Comment Curious definition of "Profit" (Score 1) 67
The slashdot headline says "..Back in Profit." Unfortunately not so.
The original article is informative. Under Chen's leadership Blackberry has
increased their profitability so they are no longer losing so much money.
They are, however, NOT PROFITABLE. Their loss prior to some accounting
tricks (that will make the number worse) is $0.11/shr. That means an
investor holding 1000 shares just lost $110 (if he/she sold them).
While profitability as a measure of how well a company performs is good,
and acknowledging that LOSING MILLIONS is a lot better than LOSING
HUNDREDS OF MILLIONS (see e.g.

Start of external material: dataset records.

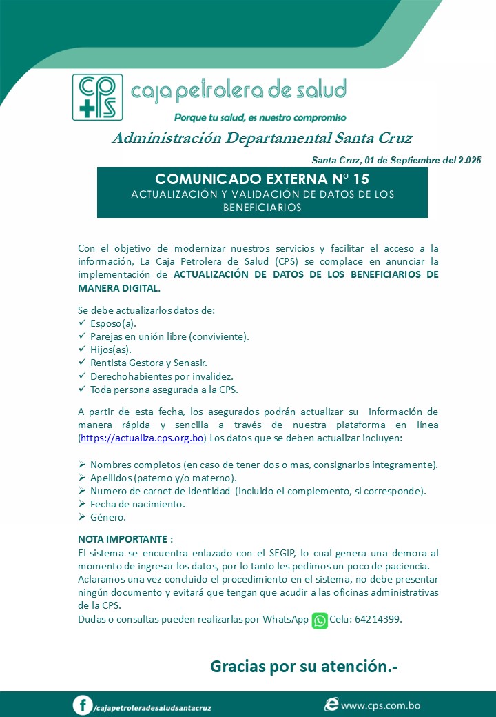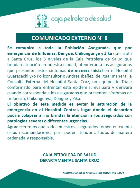 Encuentre en este apartado todos los comunicados de la C.P.S. Regional Santa Cruz.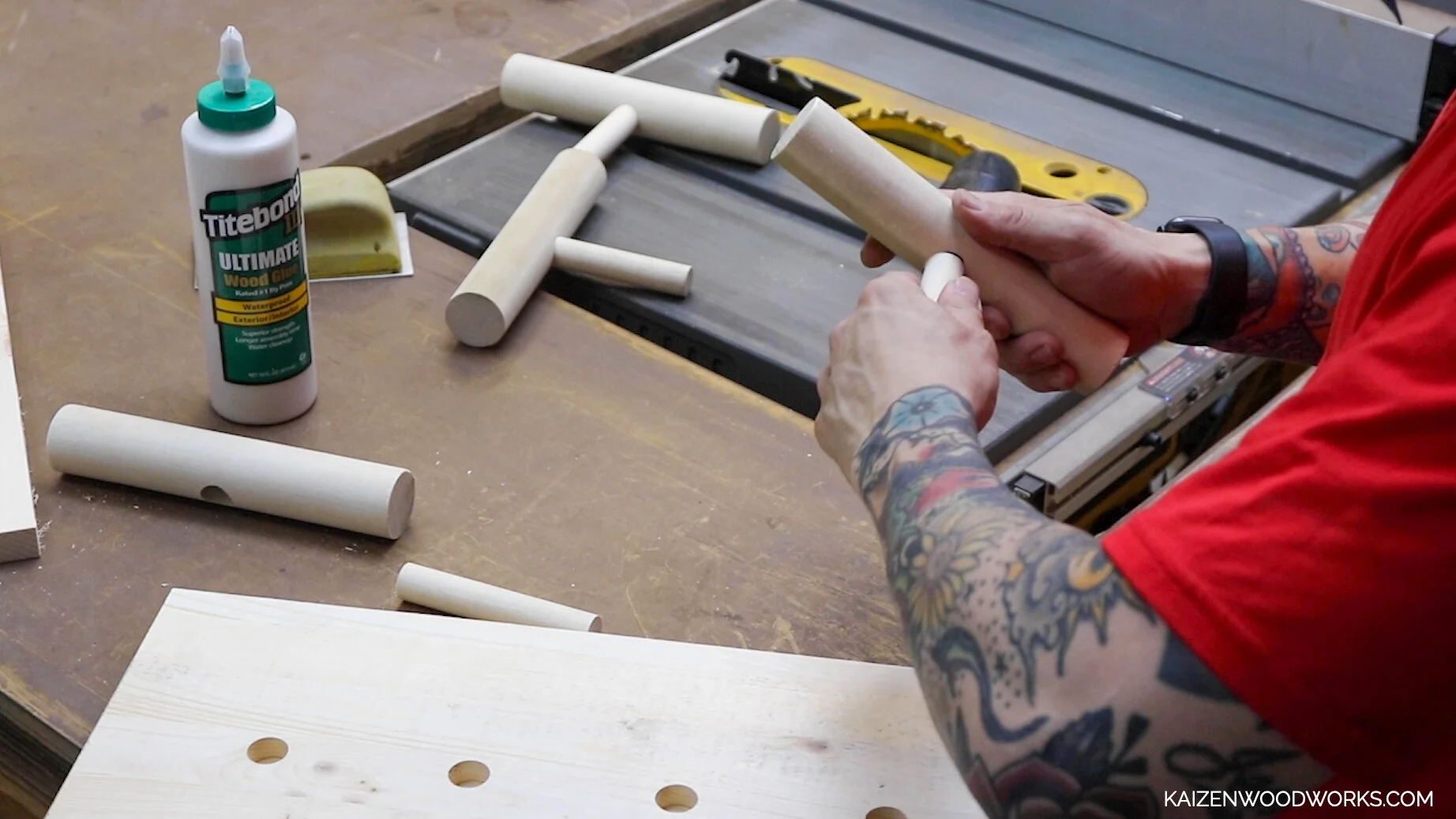 Add a little bit of wood glue before inserting the 3/4” dowel pieces into the holes in the 1.5” dowel pieces.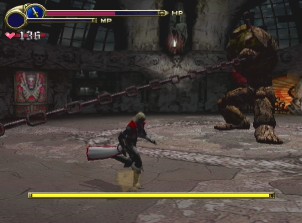 But since gameplay is focused on combat, at least that's exceedingly well done. The game plays and feels a little like a quicker-pased version of Rygar for the PS2, which is a very good thing. Leon has the usual double jump, along with a block attack and a nifty backflip. He also has two primary attacks that can be strung into a few combos, though these will supposedly grow in number as the game goes on. What's really cool are the special attacks - the weaponry system is exactly the same as Harmony of Dissonance, where you combine your current subweapon with a colored orb for a unique attack.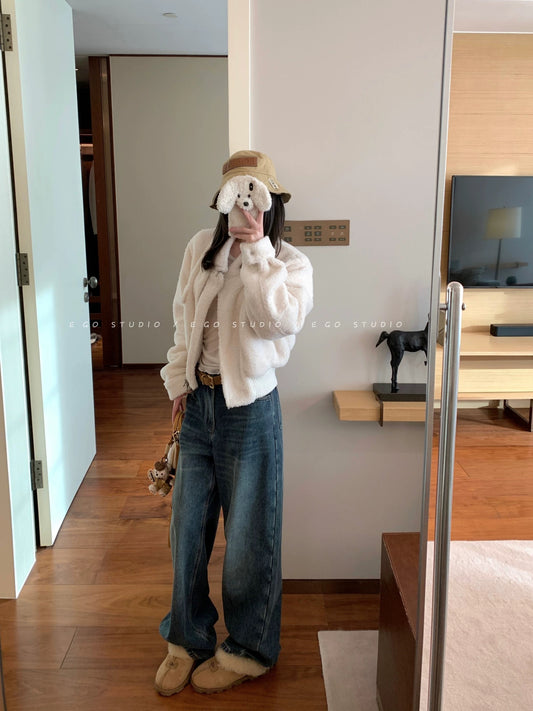 Vendor:mymystyle94Regular price $24.00 USDRegular priceUnit price / perSale price $24.00 USDSUXINLAN Korean Style Retro Thickened Versatile Slimming High-Waisted Flared Jeans for Women, Winter Style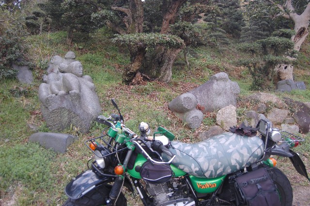 あまりにもこのバイクを好きになってしまったこと。 別れは辛いものだからね。 皆シャンこんバンバン、バンバン愛を囁き続けて早8年目。 バンバン界の生き地響きこと太郎坊でやんすノシ 土曜日の話。 昼下がりの午後2時過ぎ。 時間が空いたので、ちょっくら流すかぁ~とバン子と路上へ。 豊中にいたころはこういうとき、決まって北摂方面へ出かけたもんだけど。 こっちでもそういうルートを開拓したいな~、と2時間くらいで戻ってこれるルートは ないじゃろうか?と中央環状を南下しまする。 大阪でのどかなところ、、、、、、 う~んう~んと悩みながら美原まで下りて来たところで、行き先を 河内長野の千早赤坂村に決定。大阪府で唯一となった村。 楠正成ゆかりの地。 村のコピーは「一冊の絵本のような村」。 日本昔話の、「昔々あるところにおじいさんとおばあさんが住んでいました。。。」って ナレーションのバックの画像のような風景にうっとりしながら、 道の駅「千早赤阪」でコーシー休憩。 つーか寒すぎるんですけどw ふと東を見ると葛城山が冠雪してるよおい。寒いわけだ。 忍者250が入ってきたのとすれ違いで出発し、 帰りは南河内グリーンロードで帰る事に。 いかんせん、天気が悪いのと寒いのとで快走気分にはならない微妙な感じ。 目玉の展望台はカップルが愛を語らってる雰囲気だったので、スルーして、なんかよくわからんところで 立ち止まる。 景色も天気も微妙すぎワロタw ふと道端を見ると、石造群が無造作に転がってた。首無しで怖いしw 女性石像の乳房に劣情を催した俺は帰路を急ぐ。ねーよw グリーンロードを走りきり、聖徳太子ゆかりの道の駅で用を足した後、 間違えて柏原方面に行き、藤井寺あたりをふらふら。 この辺、ほとんどこないんで土地勘が。。。 なんとか中央環状へ復帰し、そのままパイ~ンと自宅へ。 午後5時過ぎ、到着。3時間ちょいくらいか。 俺のチョイ乗リストにまた一つ、コースが加わったのはいいことだと思うんですよ。 |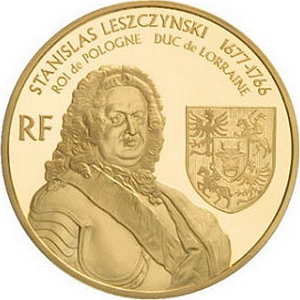 Золотая монета Франции «Король Станислав Лещинский» 2007 года выпуска посвящена королю Польши и Польско-Литовского государства (Речь Посполитая), герцогу Лотарингии. Во французском городе Нанси Лещинский создал школу для польских молодых людей. Просветитель и филантроп. Редкая монета.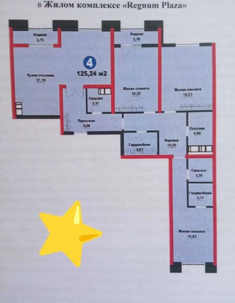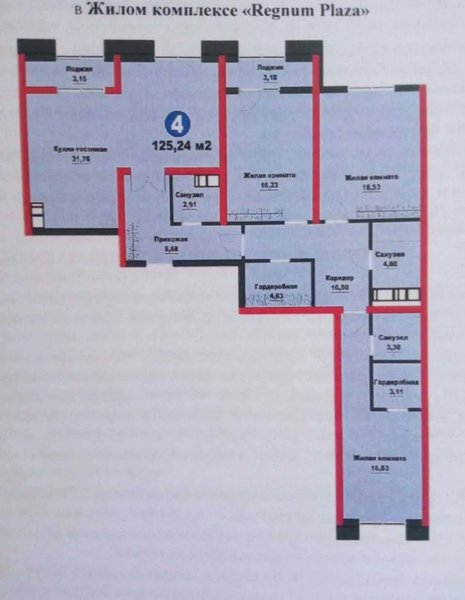 ЖК Regnum Plaza 4х комнатная 125,24м2‼️ Мирзоулугбекский Продаётся квартира ЖК Regnum Plaza от застройщика Мурад Билдинг Мирзо-Улугбекский район Комнат: 4 Этаж: 3 Этажность: 15 Площадь : 125.24кв Состояние: Коробка, White Box Вид на двор 3 санузел 2 Гардеробные Первая очередь Цена: 265.000у.е. +998 93 888 60 99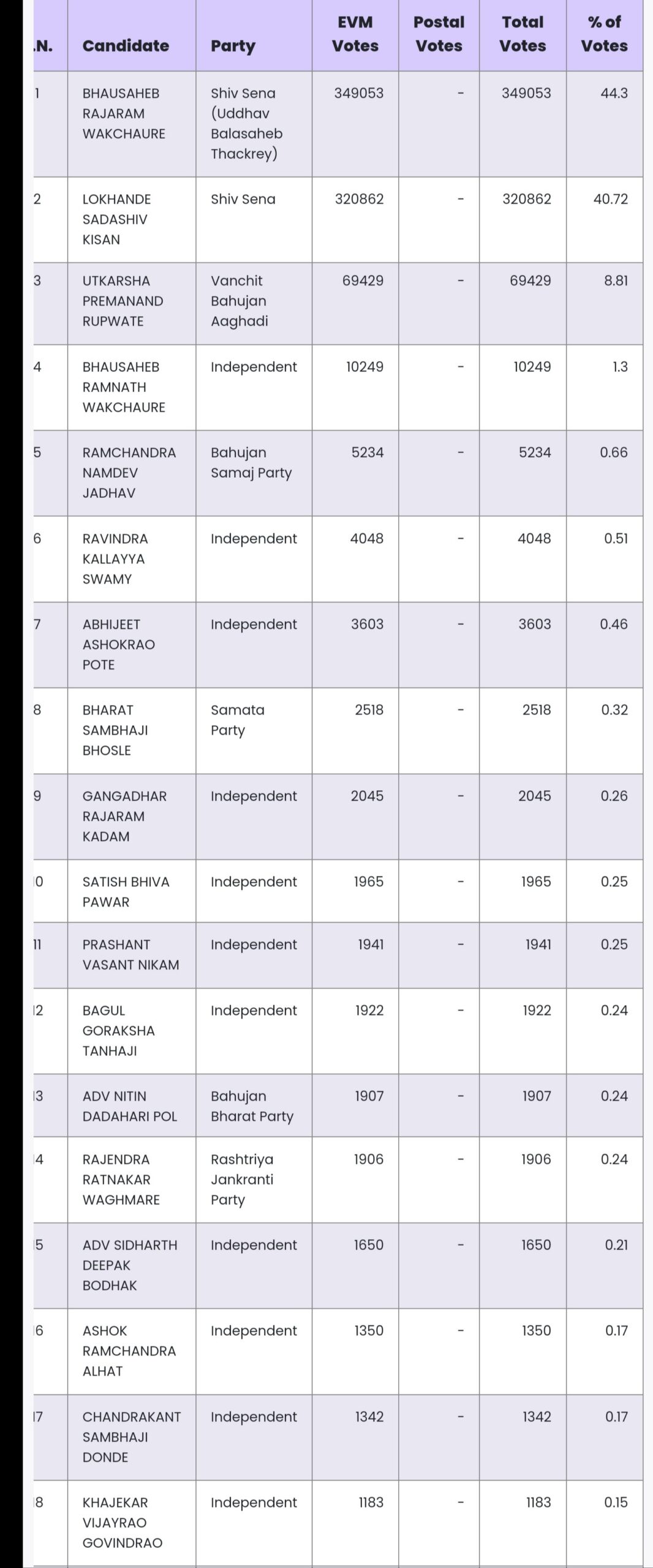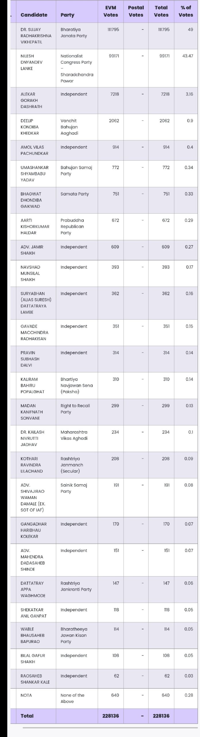 शिर्डी आणि अहमदनगर लोकसभा मतदारसंघातील उमेदवार आणि त्यांना मिळालेली मते पुढील प्रमाणे (स्त्रोत केंद्रीय निवडणूक आयोग)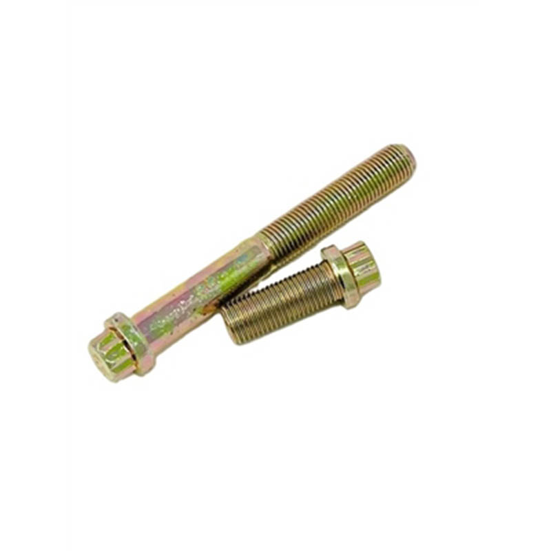 Estes parafusos de flange de 12 pontos de aço de alta resistência têm um formato padrão e prático, sem detalhes decorativos extras. A parte superior é uma cabeça de 12 lados, feita para funcionar com um soquete de 12 pontos correspondente para apertar ou afrouxar. Logo abaixo do cabeçote há um flange largo e plano que funciona como uma arruela embutida, então você não precisará de uma arruela separada para a maioria dos trabalhos. O eixo abaixo do flange é reto, com roscas lisas e uniformes que descem até o fim para encaixar porcas ou furos pré-roscados. Não há arestas ou rebarbas que dificultem a instalação. Todo o fixador é compacto e sólido, feito para ficar plano contra superfícies para um ajuste perfeito. Cada peça tem as mesmas medidas exatas, então cada uma tem a mesma aparência e se ajusta – o que facilita o uso para trabalhos de montagem repetidos ou substituições rápidas.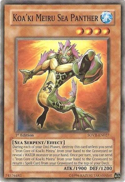 During each of your End Phases, destroy this card unless you send 1 ‘Iron Core of Koa’ki Meiru’ from your hand to the Graveyard or reveal 1 WATER monster in your hand. Once per turn, you can send 1 ‘Iron Core of Koa’ki Meiru’ from your hand to the Graveyard to return 1 Spell Card from your Graveyard to the top of your Deck.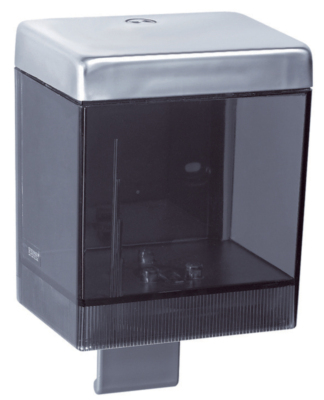 Visualisation du niveau du savon grâce au plastique transparent fumé.

Radio Shack)... Blackberry has a
long long way to go.
The article ends with the two avenues Blackberry is pursuing: hardware and
software (how inventive, right?)
- Hardware: they're going to try and create Internet enabled gadgets. As
Blackberry's core hardware competence has always been its bundled
business services this is a big departure. They fight uphill against
Samsung watches, Apple gizmos, Google's Nest, etc.
- Sofware: They bought the right to allow their product to access the
Amazon Play Store (android apps from Amazon only). The win here
is they prove their product REALLY CAN run android apps. The lose
is that instead of opening it up to the Google Play store (most
android apps) they've allowed a limited (by Amazon) subset of apps,
and most designed to siphon extra $$$ and hand them off to Amazon.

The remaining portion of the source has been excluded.